Brendon was in the middle of playing an outstanding game for the Buckeyes during his first legitimate playing time and possibly locking up a starting nod going forward. Yet, when he looked up at the video board and saw his dad, it was a sobering moment.
“I didn’t want to tear up, but I got emotional about it,” Brendon White said. “That was pretty cool to see that. … He always tells me to stay positive about things. Something negative is always going to come up. … He tells me when your moment comes, go after that.”

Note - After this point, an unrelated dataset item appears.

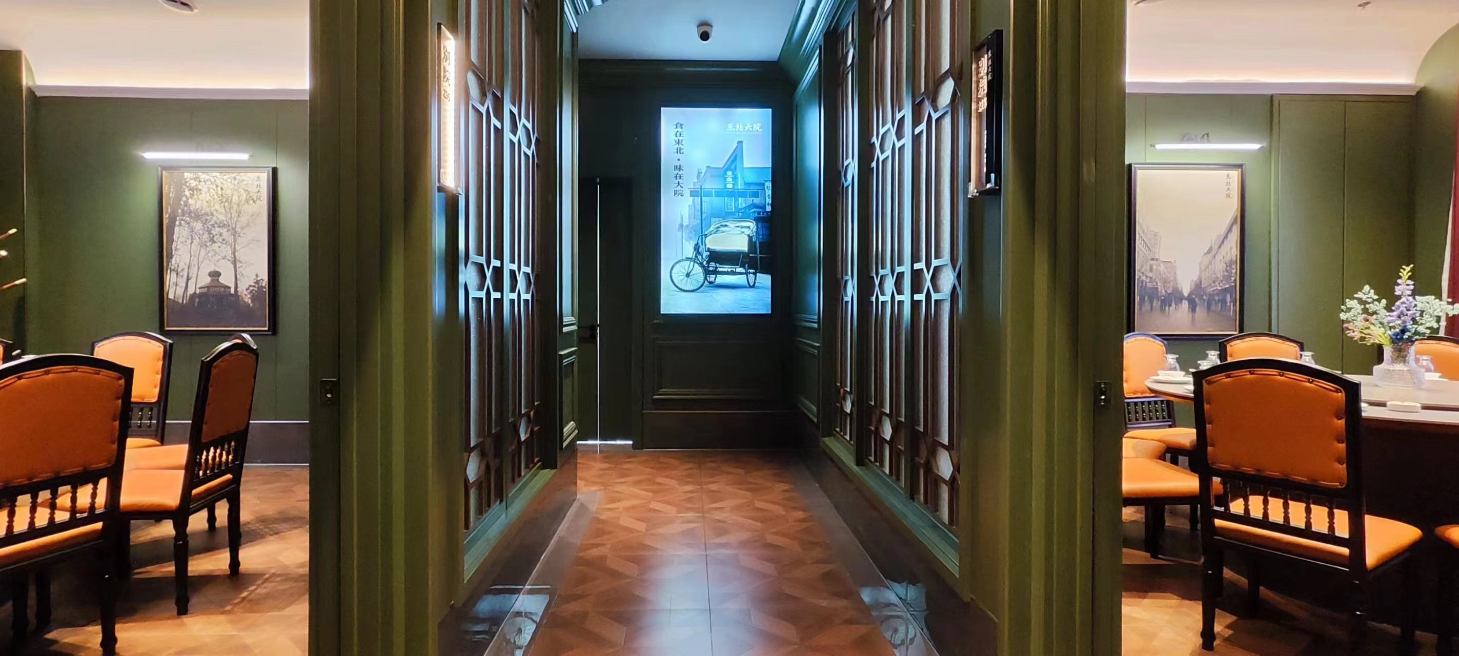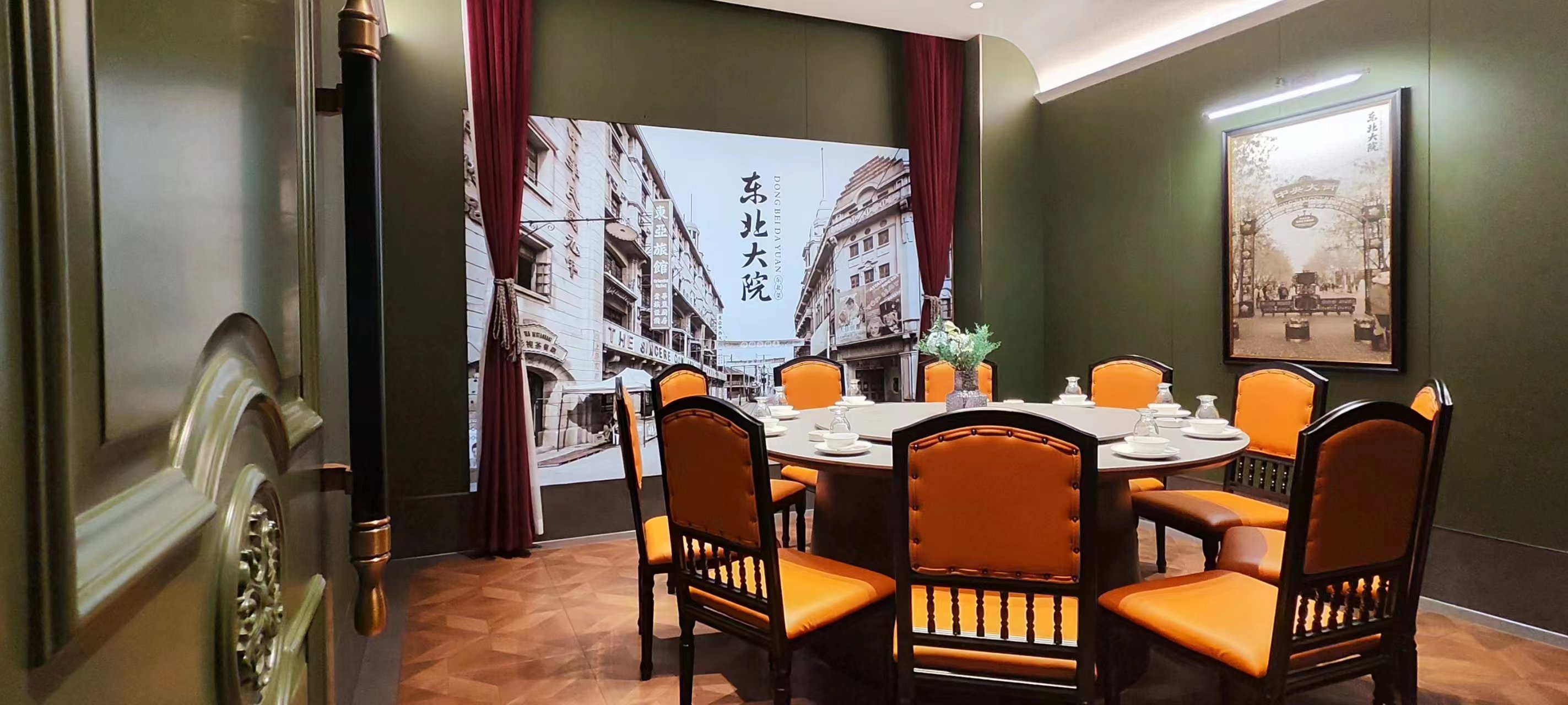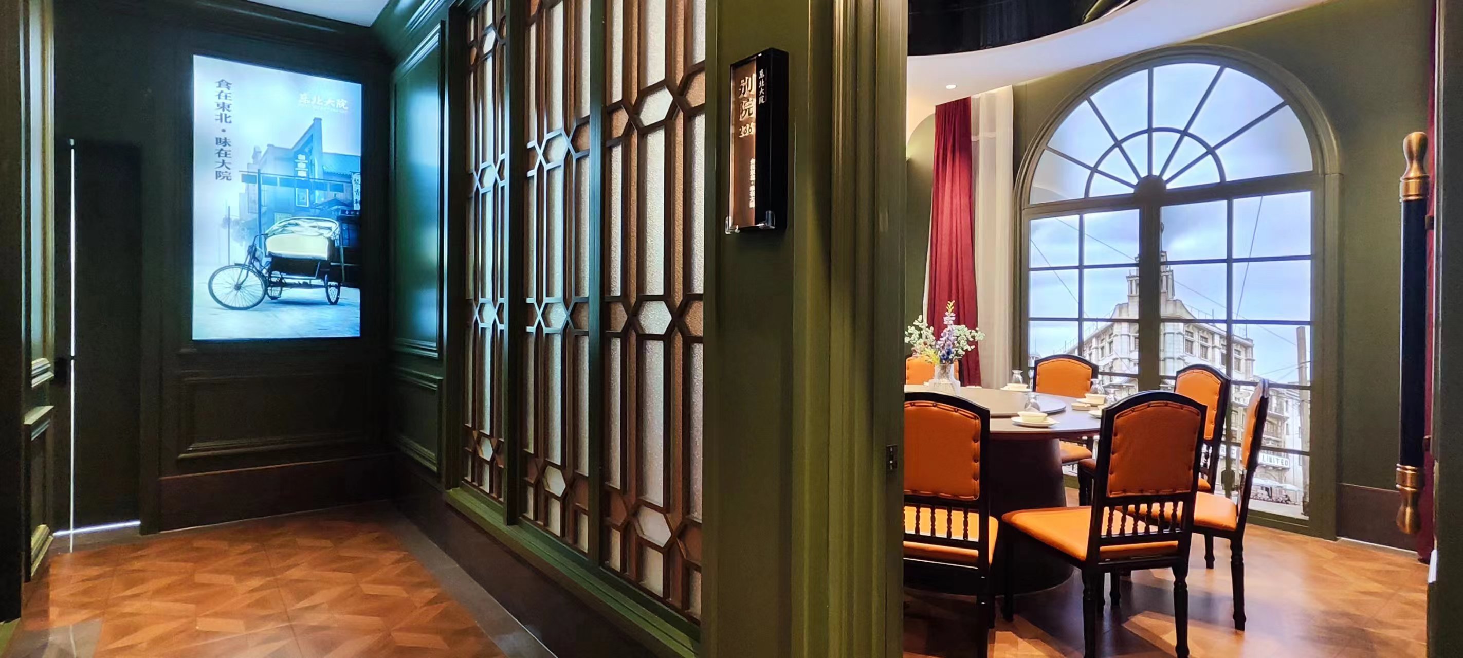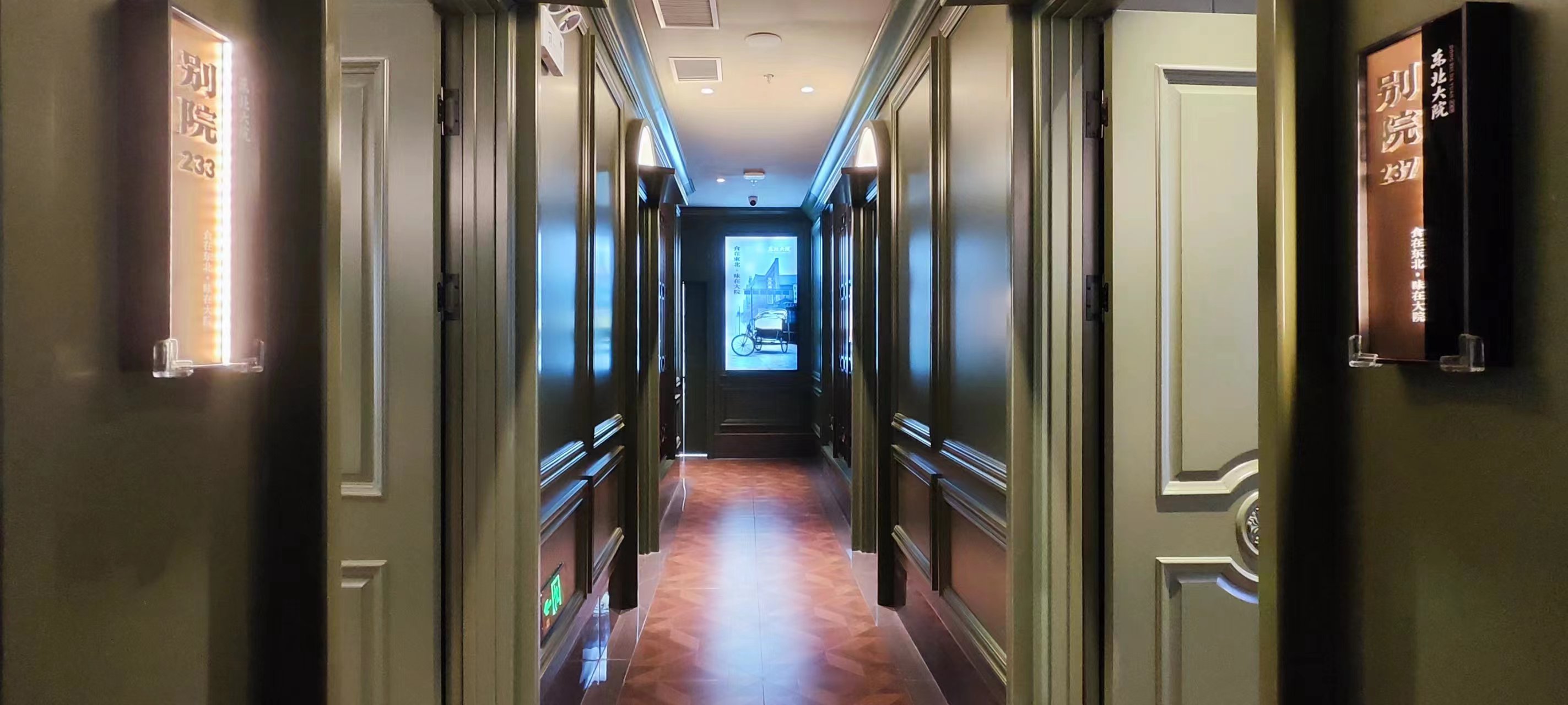 二层包间以院落为主,分为民国风包间区:位于二楼一隅,属于独立的院落包间区,以6-10人的小包间为主,并带独立卫生间,适配具有商务属性的宴请。而浓重的东北历史文化元素也符合(新)中产、年轻人的审美需求,事实上这也是门店最受欢迎的包间类型。

He did just that and then some.
The starting safety spot alongside Fuller has been problematic all season. Shaun Wade couldn’t take advantage of the opportunity. Isaiah Pryor couldn’t seize the opportunity. Jahsen Wint couldn’t do it either. It was a position that was inconsistent and thin throughout the first nine games of the season. The coaching staff was looking for someone to step up. White did just that and then some. The Silver Bullets have had a number of problems all season, most of which can’t be answered by just one player. Poor safety play by the guy opposite of Fuller has been one of those problems. Then suddenly in the latter three quarters against Nebraska on Saturday, it went from a problem to one of Ohio State’s strengths. It was less than a game, but White proved that he could be the guy in the first legitimate playing time of his college career.